(WoodMac, 20.Oct.2023) — Addressing the US Treasury Department’s partially lifted sanctions on Venezuela’s oil and gas sector, Adrian Lara, principal research analyst, Latin America Upstream Oil and Gas for Wood Mackenzie said, “Although still conditioned by a subsequent renewal, this new easing of sanctions can certainly be considered a positive move towards the recovery of the Venezuelan oil and gas sector. However, it does not guarantee a rapid or permanent recovery of production, given the required investment needed to deal with current infrastructure repairs and bottlenecks.”
The partially lifted sanctions are through a new six-month license authorising transactions in the country’s oil and gas sector. The license is to be renewed only if Venezuela can meet commitments leading to a fair voting in next year’s presidential election. The US government also amended two other licenses to remove the secondary trading ban on certain Venezuelan sovereign bonds and PDVSA debt and equity. However, a ban on trading in the primary Venezuelan bond market remains in place.
“This new license also benefits companies that have sought to increase imported oil from Venezuela as means of receiving payment for debt, owed to them by PDVSA and the Government,” said Lara. “We don’t expect a major impact on international oil markets as of now. The impact on current oil and gas production will be limited over the next year.”

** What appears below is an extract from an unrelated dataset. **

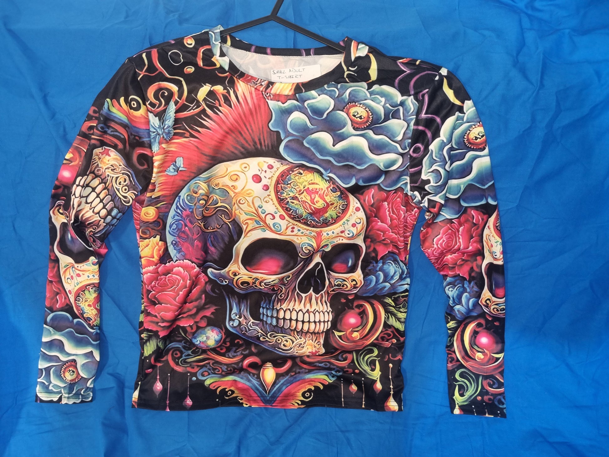 This ADULT SKULL PRINT LONG SLEEVED T-SHIRT is perfect for any casual occasion. The soft cotton fabric and long-sleeved design make it comfortable to wear for long periods of time. The unique skull print adds a stylish edge to your outfit.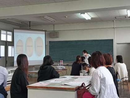 給食がどのように出来上がるのか動画を見た後、栄養士の先生が、コッペパンの大きさが学年によって違う事などを話してくれました。

According to Wood Mackenzie, Chevron remains the operator leading production growth in the country, with an estimated current spare capacity above 230 thousand barrels per day (kbd). The company will now be able to increase the use of local oil and gas service providers, which can lead to a ramp up of its production targets.
“With subsequent renewals of this license, there can be an impact on investment in the sector. Several international oil and gas companies have participated in domestic projects of different maturity and can negotiate with PDVSA to start or ramp-up production,” said Amanda Bandeira, research analyst, Latin America Upstream Oil and Gas for Wood Mackenzie.
Added Lara, “The government of Venezuela can indeed gain from this lift on sanctions and increase its oil-related revenues to palliate its economic hardship. As for its commitments to positively manage the democratic process of the country, it remains to be seen how the US government will assess the situation after six months and whether the easing of sanctions prevails.”